Conservative Bloggers Call on GOP to Attend YouTube Debate
The Republicans are getting their heads handed to them on the Internet. In 2004, John Dean raised far more than the incumbent President did on the Internet, and in the 2008 race, the top three Democrats have raised more than double the amount of the top three Republicans. Ideological fervor is also directed on the left, though many suspect this is a product of an unpopular war and a Republican Presidency, and that a Democratic White House would lead to a growing GOP presence. Maybe so; certainly there’s nothing inherently liberal about YouTube, which has been used much more effectively by conservatives than liberals in Europe .
Conservative bloggers such as Michelle Malkin and Andrew Sullivan, and Republican e-operative Patrick Ruffini, have condemned the Republican candidates desertion in the face of the Internet as being hopelessly out of the touch with the times, and making the GOP candidates seem like clueless old men who only use the Internet to download Johnny Matthis songs...okay, that’s sort of a paraphrase. Anyway, many conservative bloggers seem to think dissing the Web will cost the Republicans in votes, money, and organization on the Internet.
But the Republicans who would lead the war on terrorism are terrified of being asked questions that don’t come from the Beltway. Mitt Romney has argued that being expected to answer questions posed by, by regular human beings is “demeaning” to him as a political-type person.

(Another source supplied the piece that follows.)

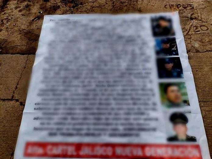 Por lo anterior, oficiales de los tres órdenes de gobierno se desplegaron a dichos puntos y retiraron los rótulos, todos ellos firmados por el Cártel Jalisco Nueva Generación (CJNG), para enseguida ser puestos a disposición de las instancias competentes para las investigaciones correspondientes.
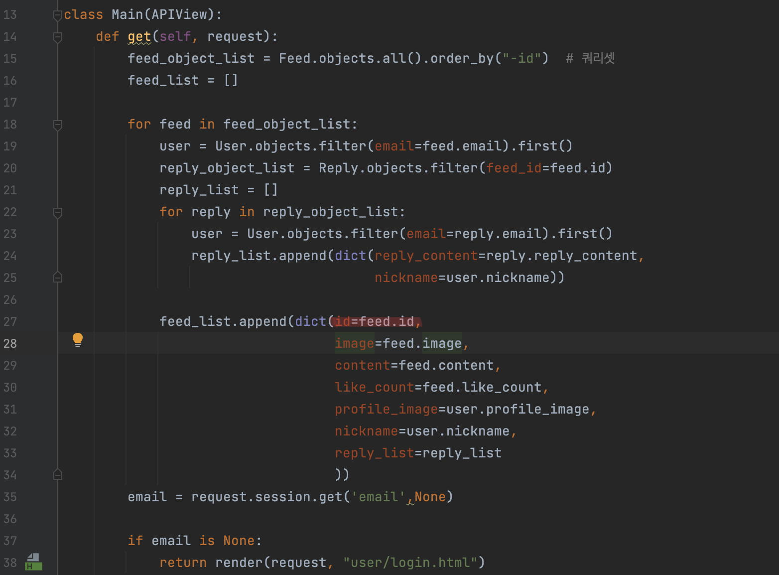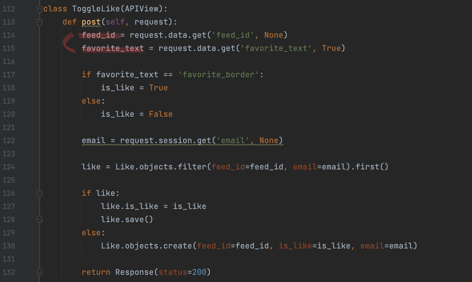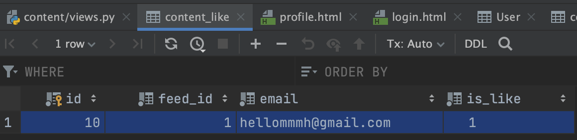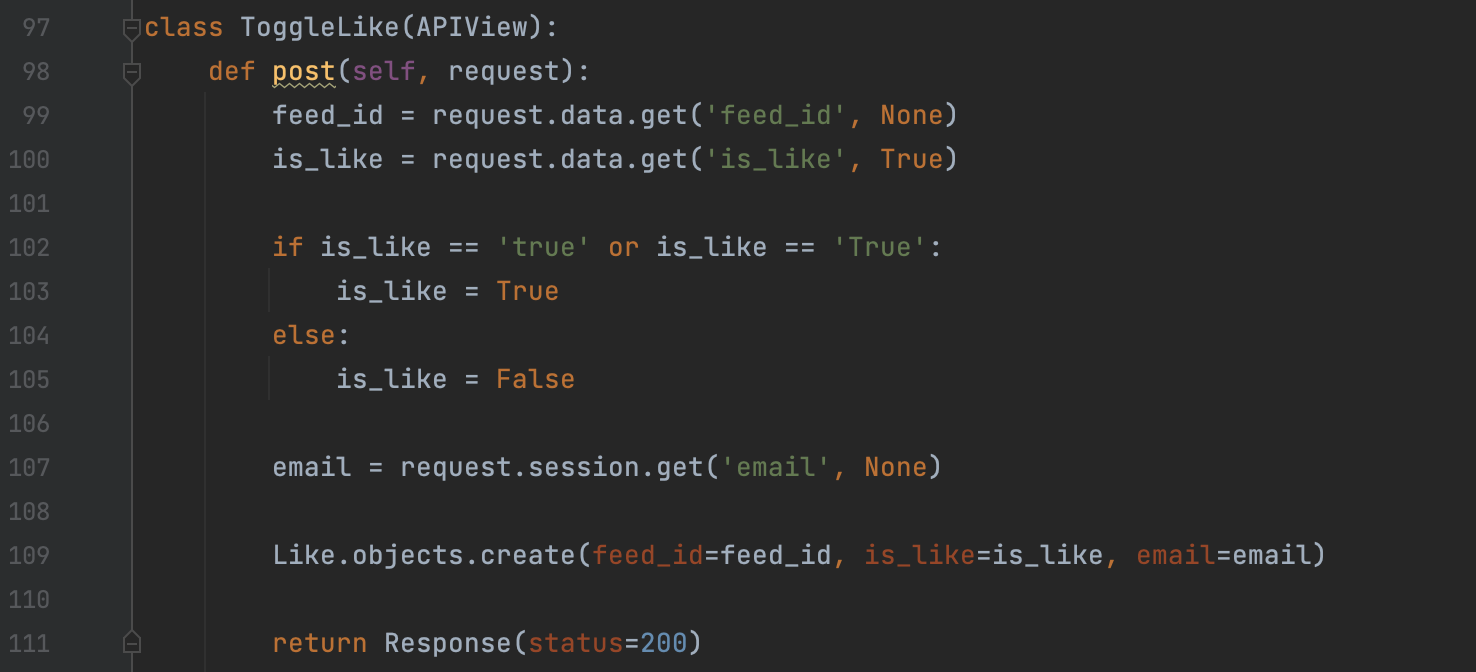 먼저, 다시 뷰로 돌아와 사용자(세션 정보에 들어있는 이메일)가 피드 아이디에 대해서 좋아요를 누른 것이 exists하다면 is_liked 값에 True가 들어갈 수 있도록 작성한다.

And both Rudy Giuliani and Mitt Romney have claimed that they had scheduled fundraisers for the day of the...what was the day of the debate? Well, whatever the day is, they’re booked up with fundraisers all night long. Or they will be, just as soon as they can make a call to schedule a fundraiser.
This pretext is growing embarrassing as increasing pressure comes on Giuliani and Romney to not be complete wimps, wusses, sissies, or thumb-sucking yellow-bellied lily-livered sniveling cowards: For them, in fact, to agree to a debate. They both claim that they’re open to debating, providing they can find a free moment in the next six months that they haven’t previously committed to fundraising. But apparently they’re having a tough time finding a moment in their schedule not already devoted to begging for dollars. And who knows, maybe those two are spending little of their time campaigning, but enormous amounts of time fundraising.
But if it’s true, it’s just sad. And if it’s a pretext, then the top Republicans are too small to be President.